Ashleigh Anpilova


Set the day after Twilight.

The team arrive at the office to find another shock awaiting them.

An established relationship story.

Written: August 2005. Word count: 2,842.



"I don't believe it," Tony DiNozzo repeated for the fifth time in as many minutes. "I simply don't believe it. He couldn't have! It's a set up, right? A trap for Ari? It's all a game. Pretence. Lull

him into a false sense of security. That's what it is. Right? Ducky? That's what it is. Isn't it? Isn't it?" he repeated when Ducky failed to answer immediately. "Duck?"

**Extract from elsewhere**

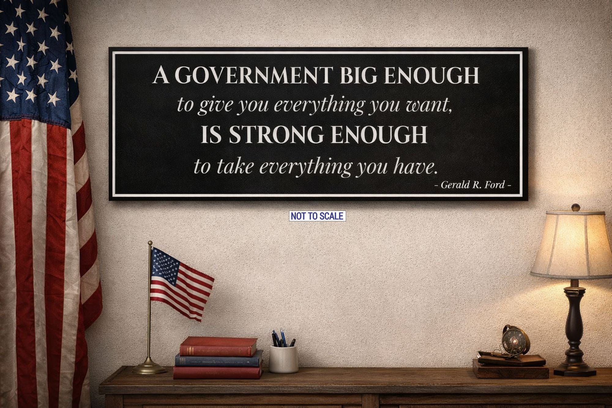 Make a powerful statement with this bold quote wall sign featuring a timeless message about freedom and government. The high-contrast typography and clean layout create a classic, authoritative look that works beautifully in home offices, libraries, studies, and patriotic décor settings.

The name was correct, even the irritation and exasperation; but that was all. The inflection was wrong, the voice itself; but most of all the fondness that always accompanied the way the name was said was absent. "Don't call me that," he snapped. And then, at the look of shocked incomprehension that crossed the young man's face, he said softly, "I am sorry, Tony. Please forgive me. Mother kept me up late last night." As an excuse, it was a lame one; as well as being a lie.


However, Tony took it at face value. "I'm sorry too, Ducky. Guess I snapped at you. It's just that I don't -"


"Believe it. Yes, I know, Tony. However, it is the truth."


"But it can't be. How do you know?"


"Because Jethro left me a letter." Ducky held up the single piece of paper, which had been carefully tucked inside an envelope given to him by the Director as he'd left the room. Ducky was certain that he hadn't imagined the flash of sympathy that passed through the Director's eyes. "Jethro has resigned." There, he'd said the words. He'd vocalized them. Now they were real.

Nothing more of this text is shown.